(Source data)
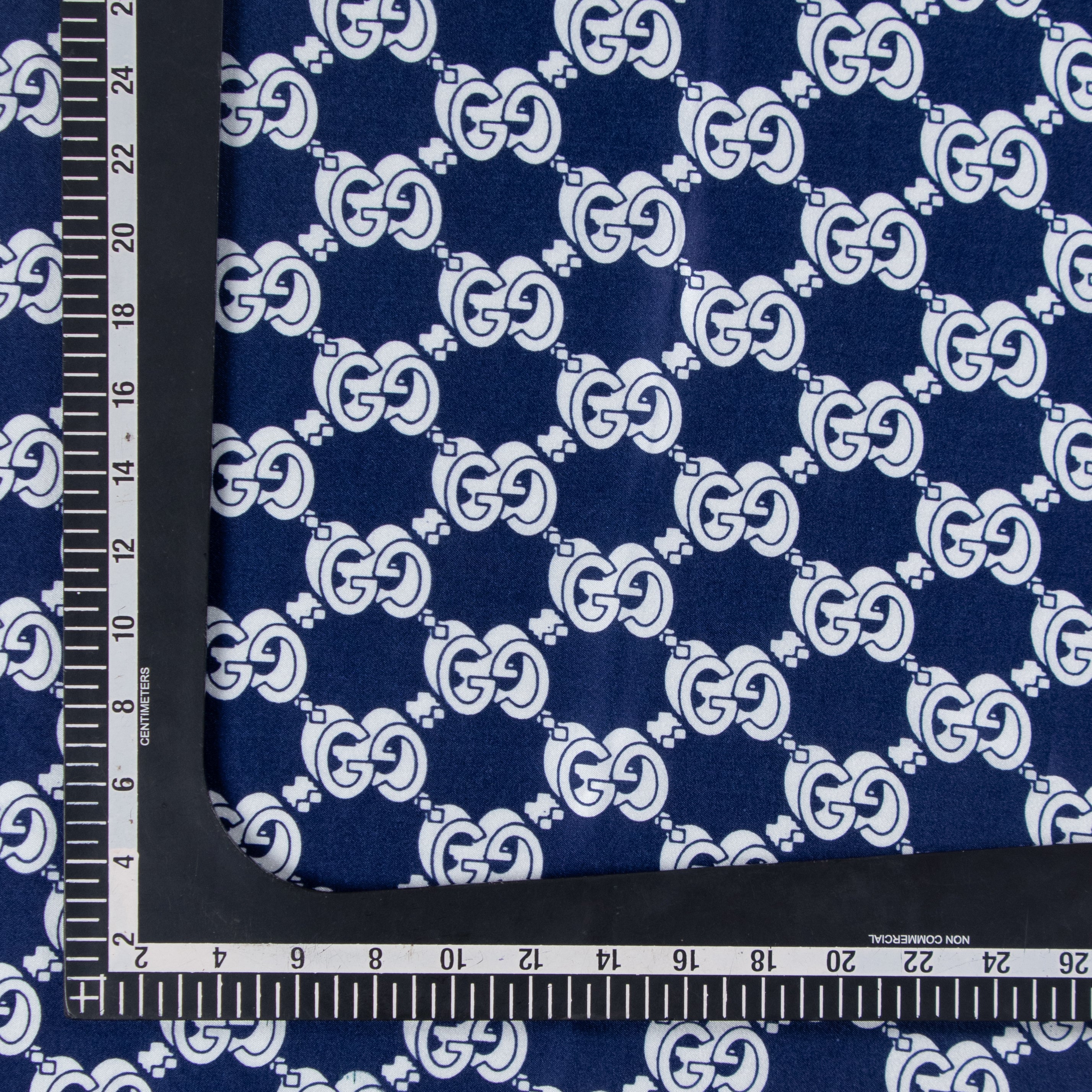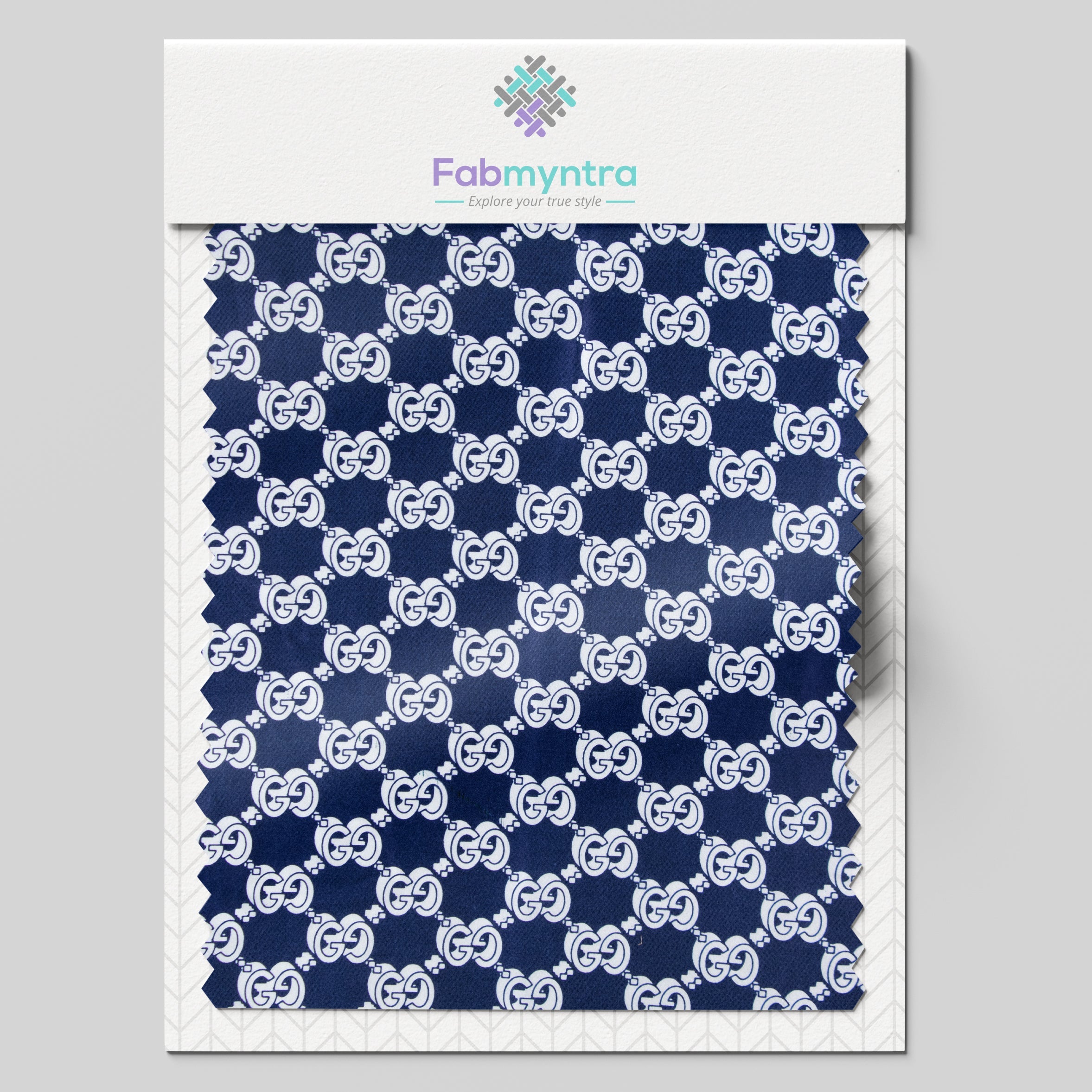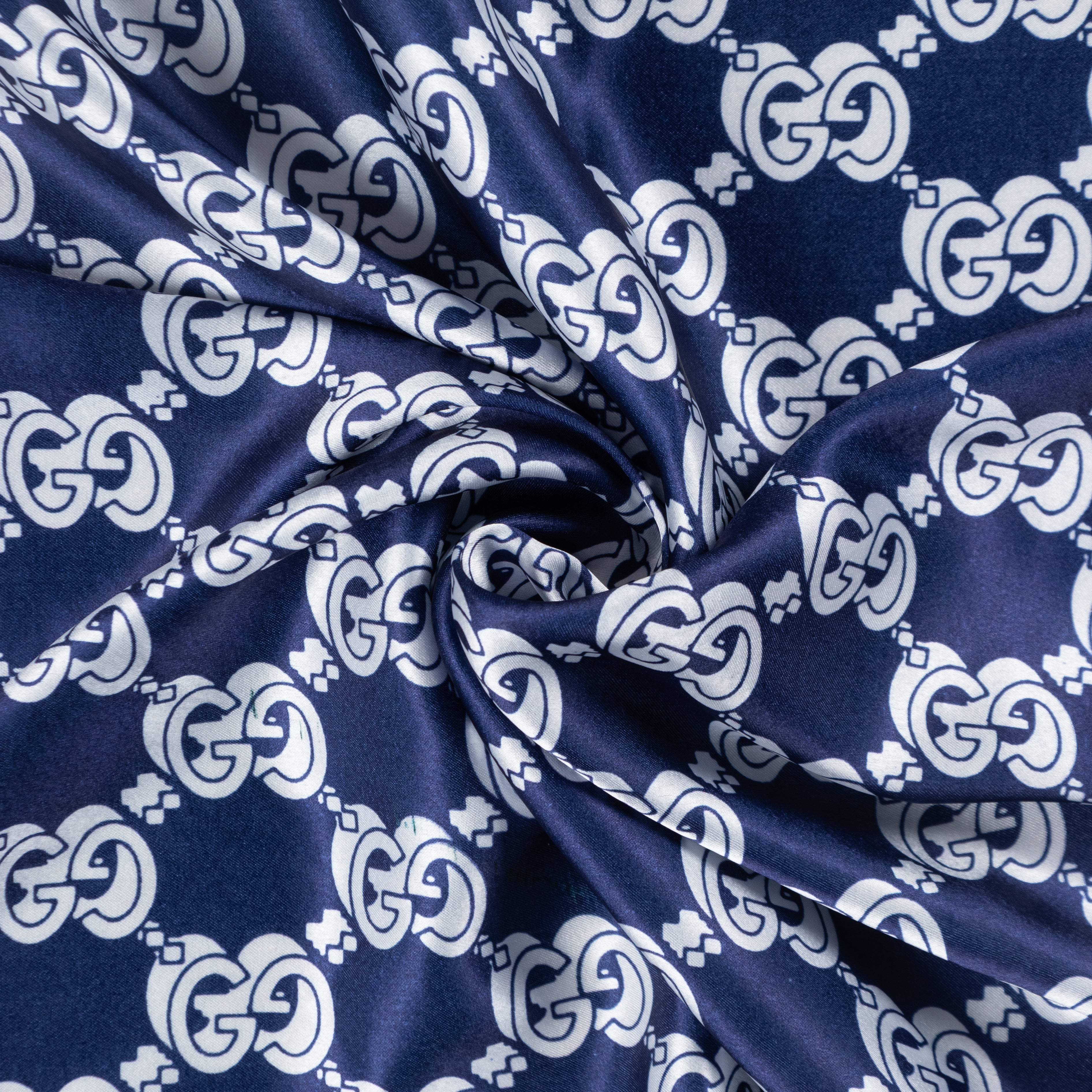 Blue And White Alphabet Pattern Digital Print Japan Satin Fabric
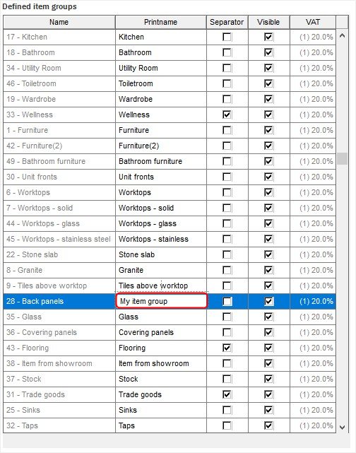 - Nadat u uw keuze heeft gemaakt, hernoemt u de geselecteerde Artikelgroep door de naam te veranderen in de Print naam kolom.
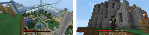 Minecraft ofrece dos modos de juego. El modo creativo permite al jugador construir por el placer de construir, manipular e investigar de manera libre, sin restricciones. En el modo supervivencia, la construcción de espacios y estructuras tiene como principal objetivo la defensa de los enemigos.
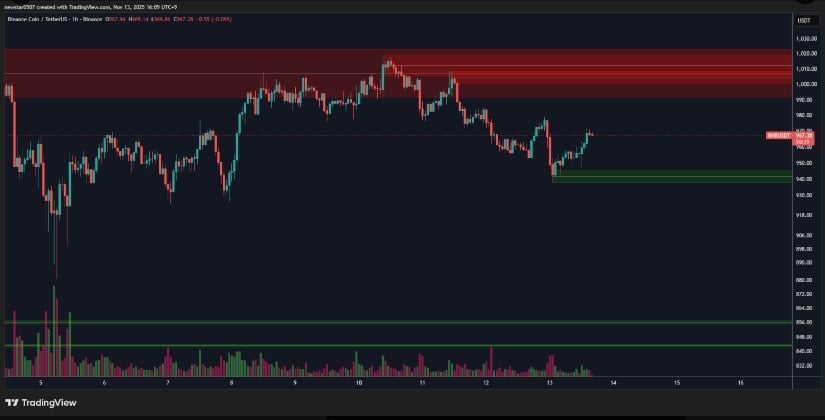 2025年11月13日,加密市场分析师CW在X平台指出945-950美元区域存在显著买盘墙,强调该区间在日内回调中持续吸引资金进场。其币对图表显示该支撑带历经多次测试,每次均出现明显的买方吸纳——这种形态通常出现在盘整阶段的结构性支撑位。
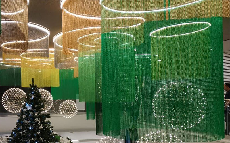 Özelleştirilmiş boyutlarda alüminyum zincir bağlantı ekran perdeleri, sergi salonları, ticari alanlar ve dekoratif uygulamalar için çekici ve işlevsel bir çözüm sunar. 2.0 mm tel yapısı, zarif bir görünüm sağlarken dayanıklılık sunar.
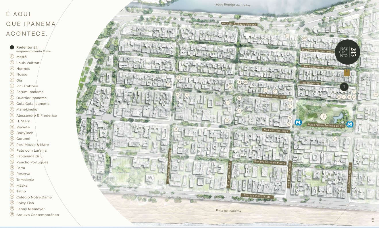 Em referência ao entorno de Ipanema, bairro entre o mar, a lagoa e a montanha, nasce esse projeto. A amplitude visual foi ponto de partida para o edifício.
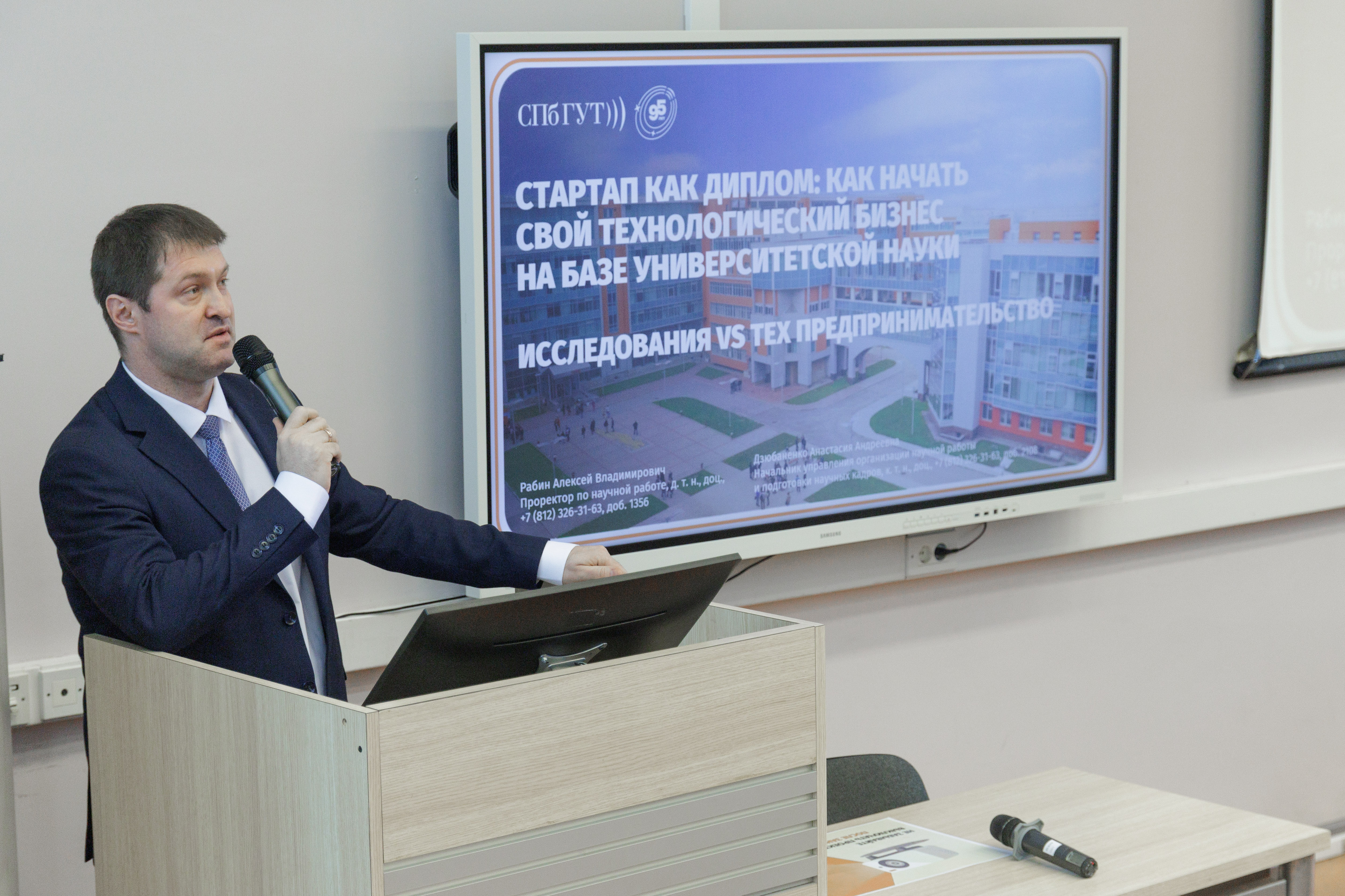 Проректор по научной работе, д. т. н., доцент Алексей Рабин в своем выступлении поделился со слушателями информацией о стартапах, их стадиях и способах реализации, и рассказал о возможности участия в научных конкурсах, грантах и конвенциях.
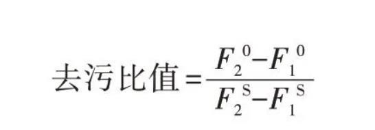其中:F10、F20分别是样品洗涤前后的白度值;F1S、F2S分别是标准洗涤剂洗涤前后的白度值。
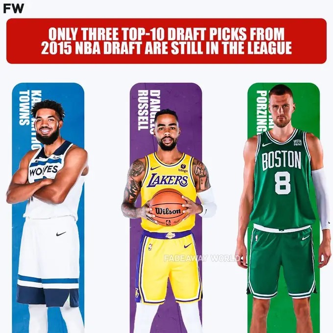 今日,美媒Fadeaway world晒出一张图表示2015届NBA选秀大会前十顺位中仅有三位还在联盟中打球。
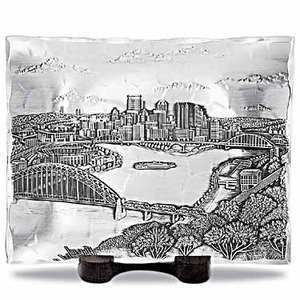 Each Pittsburgh Bridges Accessory Tray will arrive in a handsome gift box which mimics the appearance of the hand-hammered piece you have purchased. This box will not only impress it?s lucky recipient, but also double as safe storage when not on display.

WORK INSTRUCTION: From the first line to the last, reproduce the records above exactly and skip the pictures.

RESULT:
 Blue And White Alphabet Pattern Digital Print Japan Satin Fabric
 - Nadat u uw keuze heeft gemaakt, hernoemt u de geselecteerde Artikelgroep door de naam te veranderen in de Print naam kolom.
 Minecraft ofrece dos modos de juego. El modo creativo permite al jugador construir por el placer de construir, manipular e investigar de manera libre, sin restricciones. En el modo supervivencia, la construcción de espacios y estructuras tiene como principal objetivo la defensa de los enemigos.
 2025年11月13日,加密市场分析师CW在X平台指出945-950美元区域存在显著买盘墙,强调该区间在日内回调中持续吸引资金进场。其币对图表显示该支撑带历经多次测试,每次均出现明显的买方吸纳——这种形态通常出现在盘整阶段的结构性支撑位。
 Özelleştirilmiş boyutlarda alüminyum zincir bağlantı ekran perdeleri, sergi salonları, ticari alanlar ve dekoratif uygulamalar için çekici ve işlevsel bir çözüm sunar. 2.0 mm tel yapısı, zarif bir görünüm sağlarken dayanıklılık sunar.
 Em referência ao entorno de Ipanema, bairro entre o mar, a lagoa e a montanha, nasce esse projeto. A amplitude visual foi ponto de partida para o edifício.
 Проректор по научной работе, д. т. н., доцент Алексей Рабин в своем выступлении поделился со слушателями информацией о стартапах, их стадиях и способах реализации, и рассказал о возможности участия в научных конкурсах, грантах и конвенциях.
其中:F10、F20分别是样品洗涤前后的白度值;F1S、F2S分别是标准洗涤剂洗涤前后的白度值。
 今日,美媒Fadeaway world晒出一张图表示2015届NBA选秀大会前十顺位中仅有三位还在联盟中打球。
 Each Pittsburgh Bridges Accessory Tray will arrive in a handsome gift box which mimics the appearance of the hand-hammered piece you have purchased. This box will not only impress it?s lucky recipient, but also double as safe storage when not on display.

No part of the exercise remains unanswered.